If $A\cong B$ and $C\cong D$ how can I prove that $A/C\cong B/D$?

Question

Let $A,B$ groups and $C\leq A$ and $D\leq B$. How can I prove that $A/C\cong B/D$ ? I tried as follow : Let $i:A\to B$ an isomorphism and $j:C\to D$ an isomorphism. I define $$\tau : A\to B/D$$ by $\tau(a)=f(a)+D$. The surjectivity is clear. For the injectivity, $$\tau(a)=0\implies f(a)\in D$$ Does this implies that $a\in C$ ? Since $f|_C :C\to D$ doesn't should be an isomorphism I'm not sure.
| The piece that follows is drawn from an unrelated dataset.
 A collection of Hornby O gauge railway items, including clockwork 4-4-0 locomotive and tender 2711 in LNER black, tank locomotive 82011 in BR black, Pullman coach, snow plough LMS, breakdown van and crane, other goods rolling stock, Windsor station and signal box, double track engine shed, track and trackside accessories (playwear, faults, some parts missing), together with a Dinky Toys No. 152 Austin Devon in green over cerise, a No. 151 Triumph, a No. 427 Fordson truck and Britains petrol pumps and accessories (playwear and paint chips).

My second try would be to defined $ f:C\to D$ an isomorphism and to prolong it to an isomorphism to $A\to B$, but is it possible ? If yes, then I can do my previous argument. If not, how can I do ?

Answer 1

A finite counterexample: $A=B=\mathbb Z_4\times \mathbb Z_2$, and $C=\{(0,0),(0,1)\}$, $D=\{(0,0),(2,0)\}$.

Then $A/C$ is cyclic of order 4, but $B/D$ is the Klein 4-group.

Answer 2

This is false (so any proof is hopeless), take $A=B=\mathbb{Z}$ (with the addition) and $C=2\mathbb{Z};\ D=3\mathbb{Z}$. Then $|A/C|=2;\ |B/D|=3$.

Answer 3

$\mathbb Z/2\mathbb Z$ is not isomorphic to $\mathbb Z/3\mathbb Z$, although all of $A,B,C,D$ in this example are isomorphic.